Teresa Wright-Johnson
Hi Rob,
This message has me smiling. First, thanks for your support by reading my work. I am also happy to know you identified with some things written here. You prove that each of us, with different backgrounds and symptoms, are very much alike in our existence and illnesses. You continue to carry your MS with pride and reward yourself for the small battles won. Rob, thanks for making me smile and lifting my spirits. I appreciate you!!
Cynthia King
'I'd avoid myself if possible.' That's me in a nutshell.
Teresa Wright-Johnson
Hi Cynthia,
Thanksfor sharing your thoughts. I think we have all been in that space. I hope your bad days aren't many and that the good days are great. You are courageous. Thanks again for your words.
Verity
Thank you so much for writing this. My mother has MS and seems to think it’s ok to belittle or be rude to people because of it. Thank you for showing me that it still isn’t ok to be like that.
Denise
As someone w/ MS, sometimes it's hard for us to control our emotions. Depression, fatigue, anxiety and pain are the major hallmarks of this disease. I know when I am in more severe pain, I'm not very nice to be around, even though my pain is constant. How are we supposed to deal w/ strangers when our own family doesn't "get it?" My daughter said she "wanted to understand MS," but when I bought her a book, she never read it.

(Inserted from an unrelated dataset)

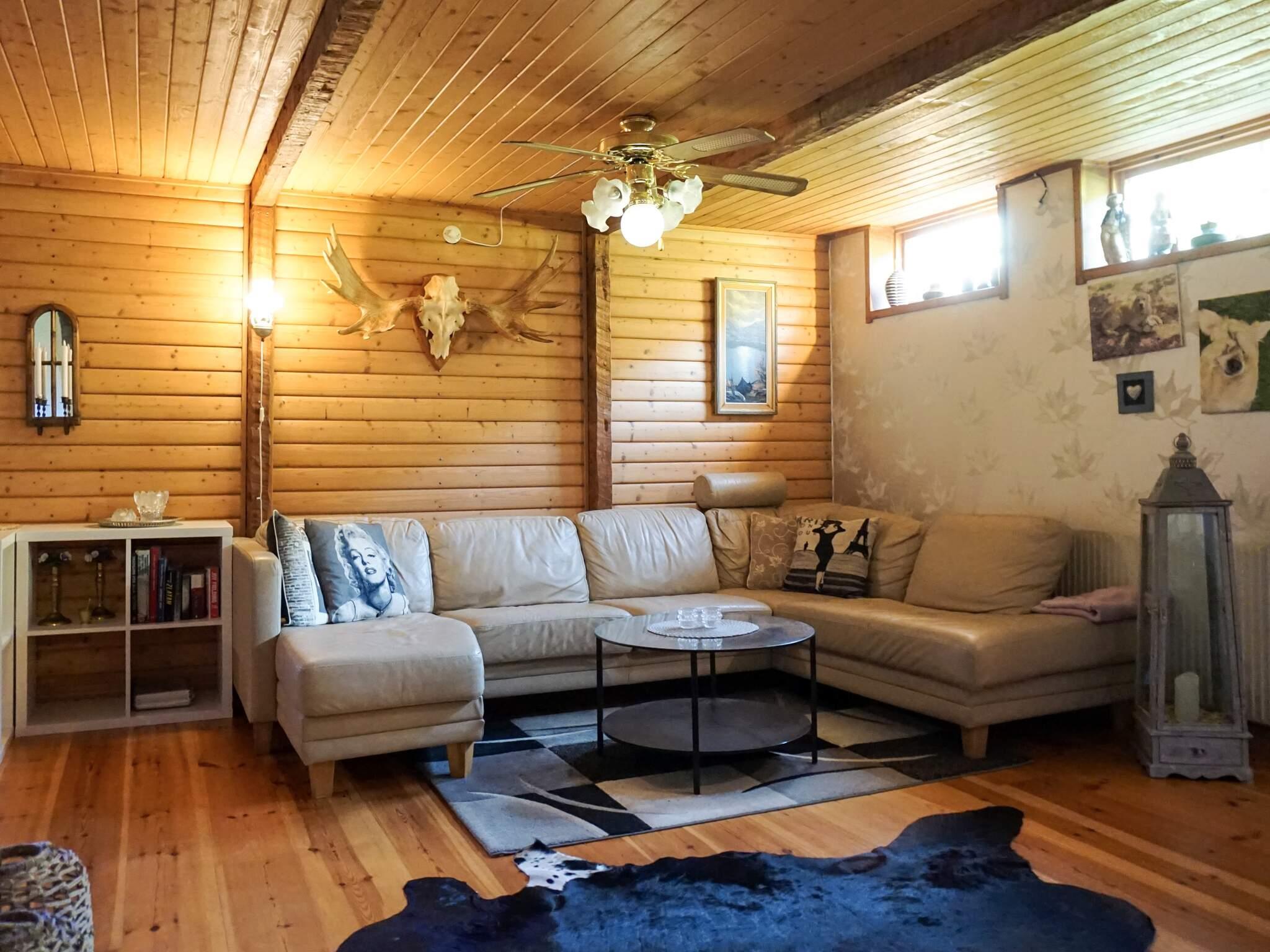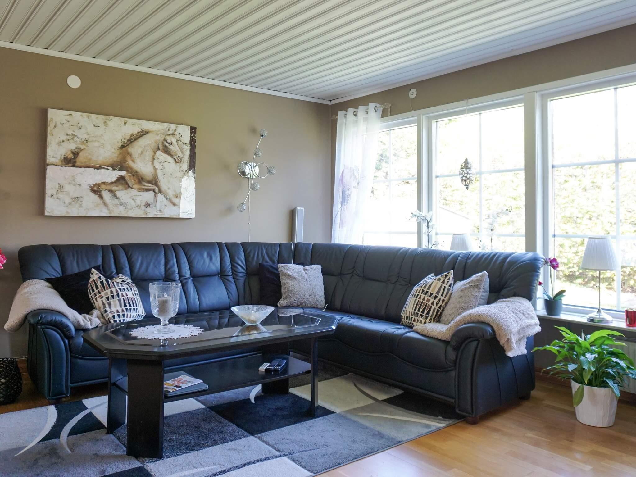 Via villans fina entré kommer ni in i en stor hall som är villans nav varifrån ni når vardagsrum med matsalsmöbel, stor härlig hörnsoffa samt TV, öppet kök med spis, separat ugn, mikro, kyl/frys, kaffebryggare och diskmaskin. Badrum med badkar och golvvärme, två sovrum med sköna dubbelsängar. Från hallen leder en trappa ned till källarplan med stort vardagsrum med öppen spis, soffgrupp samt bar, två sovrum varav ett med dubbelsäng och ett med en enkelsäng. Tvättstuga med tvättmaskin och torktumlare, badrum med dusch samt bastu med plats för 6 personer. Från köket och ett av sovrummen leder altandörrar ut på det stora altanområdet med bubbelbad, sommarmöbler och grill samt ett inglasat uterum med soffgrupp och matgrupp och TV. Härliga platser för trevlig gemenskap och goda samtal över en god bit mat och något gott i glaset. Villan har fiberuppkoppling.

Her MIL, who has never met me, told my SIL I "must be lazy." That shit plays w/ your mind, which is already screwed-up. It can be overwhelming, disappointing wondering "what could have been?" Maybe your mom just needs you to try and understand...vent to. Try putting yourself in her position...wanting your leg to move, but it won't...never knowing when another flare will appear...not knowing if you're destined for a wheelchair or ending-up in a nursing home. Sounds like she's scared and hurting inside.
Chris
I'm dating a girl who has MS, and she can be really rude to me from time to time. It upsets me, because I'm not used to it. I confront her about it and she basically says it's her MS and she can't control it. (She's not rude to people she isn't as comfortable with, it seems. This leads me to believe she CAN control it, just would prefer not to deal with the work involved.) I don't know what to do. I've dated her for 2 years and sometimes I just want to walk. She's a fantastic girl. I just don't know how to deal with this.
Josh
Chris, I can totally relate.
Denise
Today is a bad day, and I just found this article. Not usually negative. I'm alone at home, but I'm so angry today! Besides having secondary progressive MS, I just got a diagnosis of thyroid cancer. I haven't been able to work since I was 30...now 53. Life sucks when all your energy has to be saved for doctor appointments. My parents are angry because I refuse to have my thyroid cancer treated. Being poked and prodded is every MS patient's life, and I'm tired of it all. Not suicidal, nor have a death wish, just don't want to lose more quality of life.